ASSIGNMENT. Could you restate every entry word for word, leaving the pictures out?

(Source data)
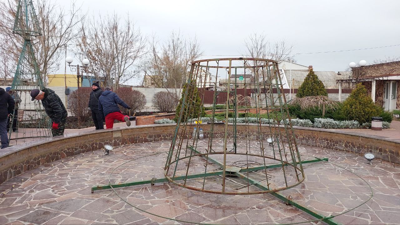 Сотрудники МКУ "Благоустройство" Кирилловского участка городского округа Мелитополь приступили к монтажу главного новогоднего атрибута - ёлки.
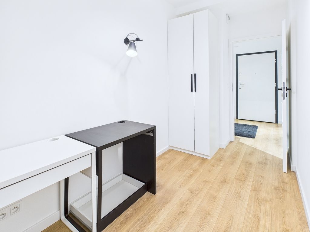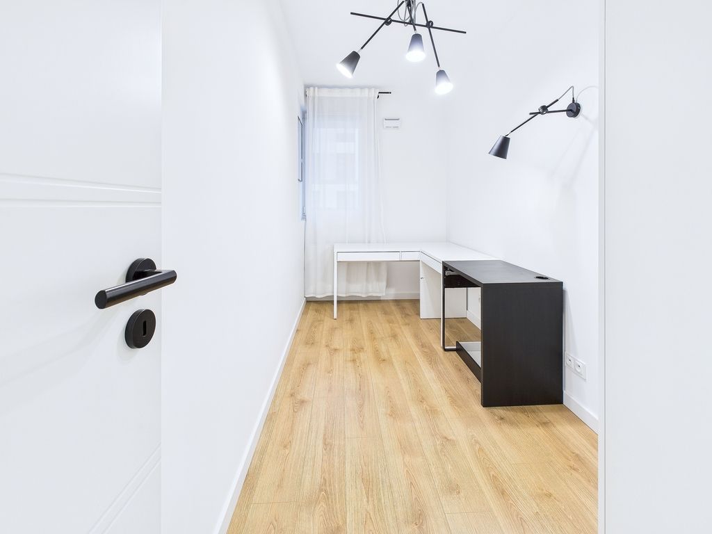 - druga sypialnia/gabinet (ok. 8 m²) z biurkiem i szafą,
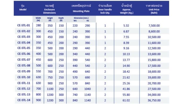 | 1. ประเภทของตู้ | – ตู้แขวนผนัง (Wall-Mounted): ติดตั้งบนผนัง ประหยัดพื้นที่ เหมาะกับอุปกรณ์ขนาดเล็กหรือในพื้นที่จำกัด – ตู้ตั้งพื้น (Floor-Standing): รองรับอุปกรณ์ขนาดใหญ่ เหมาะสำหรับโรงงานหรือสถานีไฟฟ้า – ตู้มีหลังคา (With Roof): เหมาะสำหรับการติดตั้งกลางแจ้ง ป้องกันน้ำฝนและแสงแดดได้ดี |
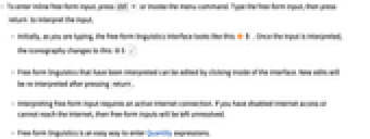 . - Interpreting free-form input requires an active Internet connection. If you have disabled Internet access or cannot reach the Internet, then free-form inputs will be left unresolved.
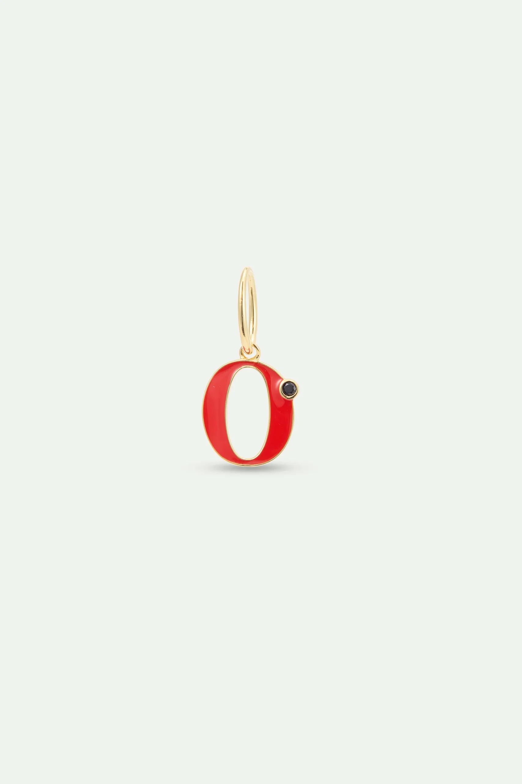 Pendentif lettre O rouge peinte à la main et ornée d’un oxyde de zirconium noir.
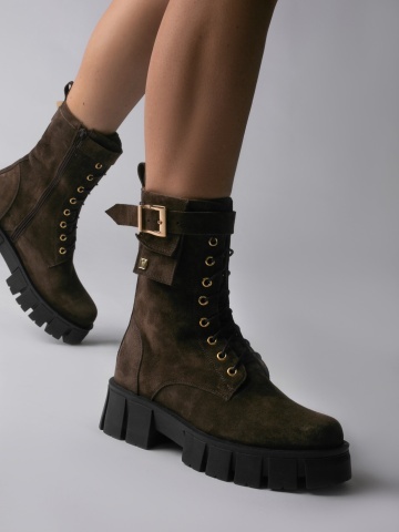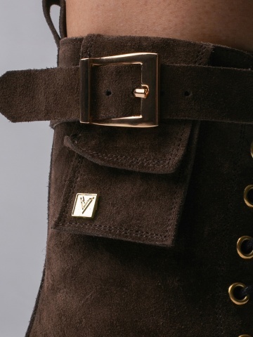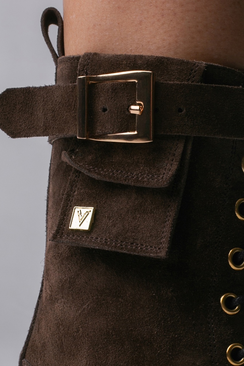 Ghete Alya din piele intoarsa maro cu accesorii aurii
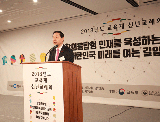 하윤수 교총 회장은 환영 인사에서 "무술년에는 우리 교육이 큰 신뢰와 사랑 속에 변함없이 대한민국 미래를 여는 디딤돌이 되기를 기대한다"면서 "대한민국이 오늘날 기적 같은 발전을 이룩할 수 있었던 것은 교육의 힘이었다. 지금도 교육에서 우리 미래를 찾아야 한다"고 말했다.
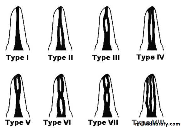 Type V: One root canal bifurcation in apical third & open in two apical foramen.
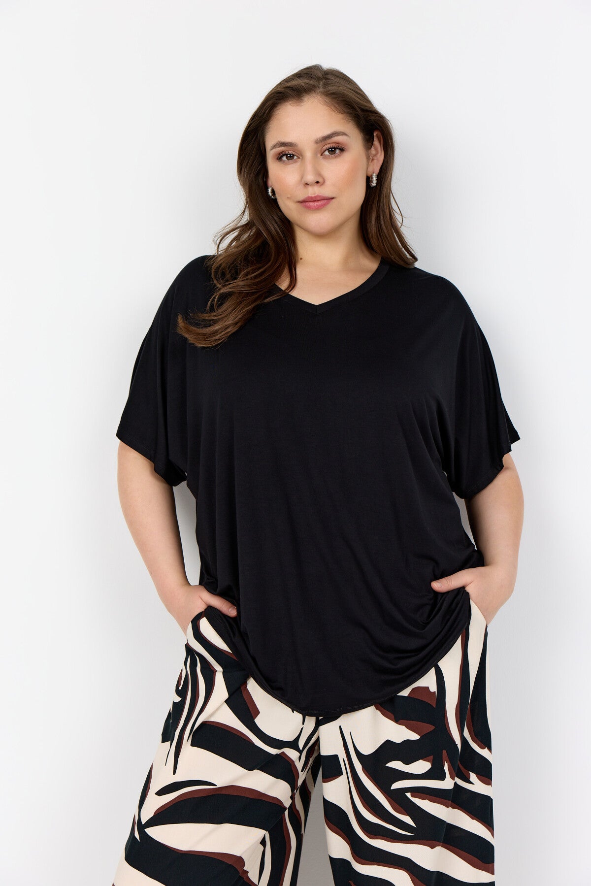 WA-STELLA 3 är en avslappnad T-shirt tillverkad i 93% Lyocell och 7% Elastan. Den har en mjuk V-ringning, en avslappnad passform och draperade korta ärmar för komfort. Denna eleganta blus kan enkelt matchas med skräddarsydda byxor eller dina favoritjeans för en cool, unik look.

ANSWER BOX.
 Сотрудники МКУ "Благоустройство" Кирилловского участка городского округа Мелитополь приступили к монтажу главного новогоднего атрибута - ёлки.
 - druga sypialnia/gabinet (ok. 8 m²) z biurkiem i szafą,
 | 1. ประเภทของตู้ | – ตู้แขวนผนัง (Wall-Mounted): ติดตั้งบนผนัง ประหยัดพื้นที่ เหมาะกับอุปกรณ์ขนาดเล็กหรือในพื้นที่จำกัด – ตู้ตั้งพื้น (Floor-Standing): รองรับอุปกรณ์ขนาดใหญ่ เหมาะสำหรับโรงงานหรือสถานีไฟฟ้า – ตู้มีหลังคา (With Roof): เหมาะสำหรับการติดตั้งกลางแจ้ง ป้องกันน้ำฝนและแสงแดดได้ดี |
 . - Interpreting free-form input requires an active Internet connection. If you have disabled Internet access or cannot reach the Internet, then free-form inputs will be left unresolved.
 Pendentif lettre O rouge peinte à la main et ornée d’un oxyde de zirconium noir.
 Ghete Alya din piele intoarsa maro cu accesorii aurii
 하윤수 교총 회장은 환영 인사에서 "무술년에는 우리 교육이 큰 신뢰와 사랑 속에 변함없이 대한민국 미래를 여는 디딤돌이 되기를 기대한다"면서 "대한민국이 오늘날 기적 같은 발전을 이룩할 수 있었던 것은 교육의 힘이었다. 지금도 교육에서 우리 미래를 찾아야 한다"고 말했다.
 Type V: One root canal bifurcation in apical third & open in two apical foramen.
 WA-STELLA 3 är en avslappnad T-shirt tillverkad i 93% Lyocell och 7% Elastan. Den har en mjuk V-ringning, en avslappnad passform och draperade korta ärmar för komfort. Denna eleganta blus kan enkelt matchas med skräddarsydda byxor eller dina favoritjeans för en cool, unik look.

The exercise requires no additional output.